Social gatherings, even if there are only a handful of people, can be overwhelming and sometimes frightening for a person with Alzheimer’s disease. The person can become confused and over-stimulated by the noise and commotion, which can lead to anxiety and agitation. While social interaction in general is good, it is best to try to tailor the interaction to suit your mother-in-law’s condition. Therefore, perhaps going to fewer such events would be warranted, or only attending those events with smaller gatherings. Before you accept an invitation on behalf of your mother-in-law, make sure the event is at a time that is good for her (i.e., it does not interfere with naps, or is too late at night). Typically, Alzheimer’s patients are better in the morning and early afternoon, so an evening event may be more challenging for them.

When you arrive at the event, find a quiet place where you can take your mother-in-law. This will be her little sanctuary away from the noise and confusion of the party, particularly if there are children present. If the event is at someone’s home, for example, ask in advance if a separate room or secluded area can be made available for your mother-in-law to sit in. If people want to visit with your mother-in-law, bring them to her a few at a time. Even if you think that your mother-in-law will know who these visitors are, be sure to introduce each one and provide some details or a brief description of who they are. For example, you can say “This is Cathy, your niece. We stayed at her house last summer and had a good time swimming in the lake.” Not only will this help to jog your mother-in-law’s memory about who the person is, but it can also make for an easy conversation starter.

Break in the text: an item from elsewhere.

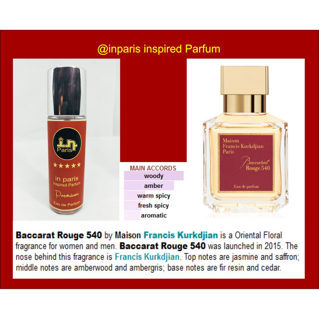 Beli baccarat rouge 540 online berkualitas dengan harga murah terbaru 2020 di tokopedia. Penggemar parfum dengan wangi floral pasti suka dengan produk yang satu ini. Bahkan penamaannya juga mengandung unsur parfum fenomenal itu.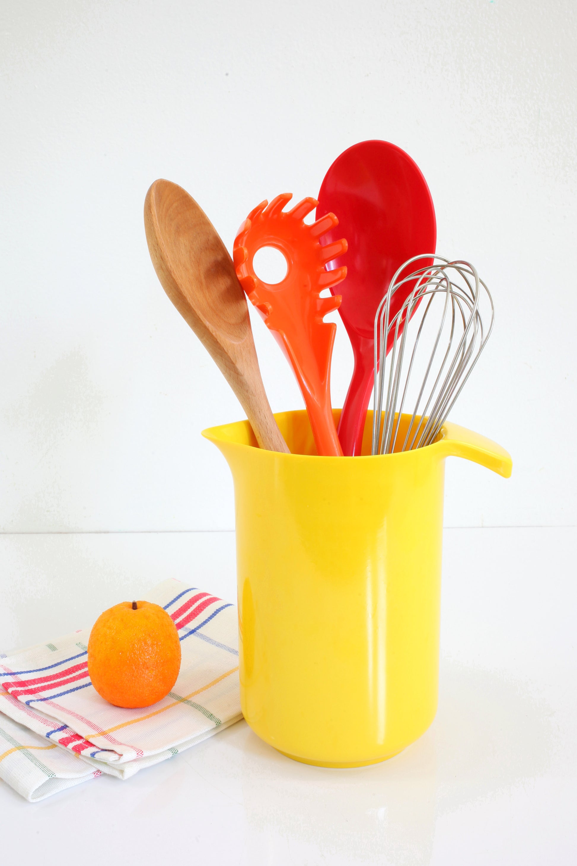 This gorgeous vintage Copco melamine pitcher is such a bright and beautiful shade of yellow! Made of sturdy and durable melamine, this pretty pitcher was made in the U.S.A. for Copco. It's perfect for holding utensils, and the spout and handle make it great for mixing and pouring, too! As beautiful as it is useful!

Lately, my 84-year-old mother, who lives in an Alzheimer’s disease center, will rest her head on the table for very long periods of time, but she is not sleeping. Her head is resting on the table for such a long time that she gets lines in her forehead. Why does she do this? [ 07/29/10 ]

Alzheimer’s disease can often cause a person to become apathetic or depressed, which can also lead to the person becoming lethargic and easily tired. It is possible, for instance, that your mother is mildly depressed, and therefore prefers to sit in this position. It is equally possible that your mother simply finds this position peaceful or calming, and may rest her head on the table as a way to relax or even “meditate,” sort of like a coping mechanism. Maybe if there are people or commotion around her and she does not feel like being social, she may just put her head down as a way to communicate her desire to be left alone. Sometimes, however, Alzheimer’s disease simply causes people to have odd behaviors that they did not have before the disease—this may be one of those unexplained behaviors.

Try talking to your mother when she is in the head-on-table position. Does she communicate with you readily or is she non-responsive? Does she keep her head on the table or pick it up when you start talking? Ask her about it. Is it something that is enjoyable to her (the smoothness or coolness of the table) or is it because she is bored, tired, afraid, etc.? She may not tell you directly, but there may be some emotion underlying her response which can help you determine why she does this.

If you think that she seems depressed or apathetic, speak to her primary care physician. A doctor’s evaluation could help to determine whether or not she is truly depressed, and whether she could benefit from anti-depressant or anti-anxiety medication.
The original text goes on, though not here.